Nov 26 22:37:01 HITGSMQ01 rgmanager[31311]: [script] Executing /etc/init.d/SGQM04 status
Nov 26 22:37:11 HITGSMQ01 rgmanager[31713]: [script] Executing /etc/init.d/SGQM03 status
Nov 26 22:37:31 HITGSMQ01 rgmanager[32270]: [script] Executing /etc/init.d/SGQM04 status
Nov 26 22:37:47 HITGSMQ01 qdiskd[2357]: Writing eviction notice for node 2
Nov 26 22:37:48 HITGSMQ01 qdiskd[2357]: Node 2 evicted
Nov 26 22:37:51 HITGSMQ01 rgmanager[433]: [script] Executing /etc/init.d/SGQM03 status
Nov 26 22:37:52 HITGSMQ01 corosync[2303]:   [TOTEM ] A processor failed, forming new configuration.
Nov 26 22:37:54 HITGSMQ01 corosync[2303]:   [QUORUM] Members[1]: 1
Nov 26 22:37:54 HITGSMQ01 corosync[2303]:   [TOTEM ] A processor joined or left the membership and a new membership was forme
d.
Nov 26 22:37:54 HITGSMQ01 kernel: dlm: closing connection to node 2
Nov 26 22:37:54 HITGSMQ01 rgmanager[3146]: State change: HITGSMQ02-hb DOWN
Nov 26 22:37:54 HITGSMQ01 corosync[2303]:   [CPG   ] chosen downlist: sender r(0) ip(10.1.3.3) ; members(old:2 left:1)

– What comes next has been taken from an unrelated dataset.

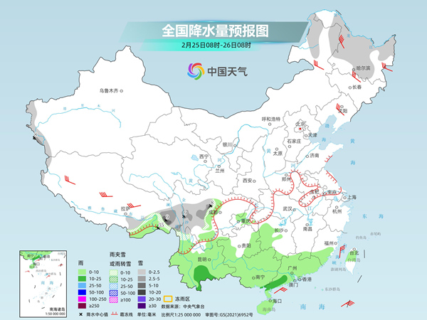 今明天(2月25日至26日),南方仍有较大范围降水。华南部分地区将现中雨,有利于缓和当地气象干旱,同时西藏等地部分地区还会有雨雪天气。后天,南方大部降水将短暂停歇。随着冷空气退却,南北方陆续开启大回暖,黄淮及其以南不少地方本月底最高气温将超20℃,江南多地有望入春。

Nov 26 22:37:54 HITGSMQ01 corosync[2303]:   [MAIN  ] Completed service synchronization, ready to provide service.
Nov 26 22:39:57 HITGSMQ01 kernel: INFO: task rgmanager:469 blocked for more than 120 seconds.
Nov 26 22:39:57 HITGSMQ01 kernel: "echo 0 > /proc/sys/kernel/hung_task_timeout_secs" disables this message.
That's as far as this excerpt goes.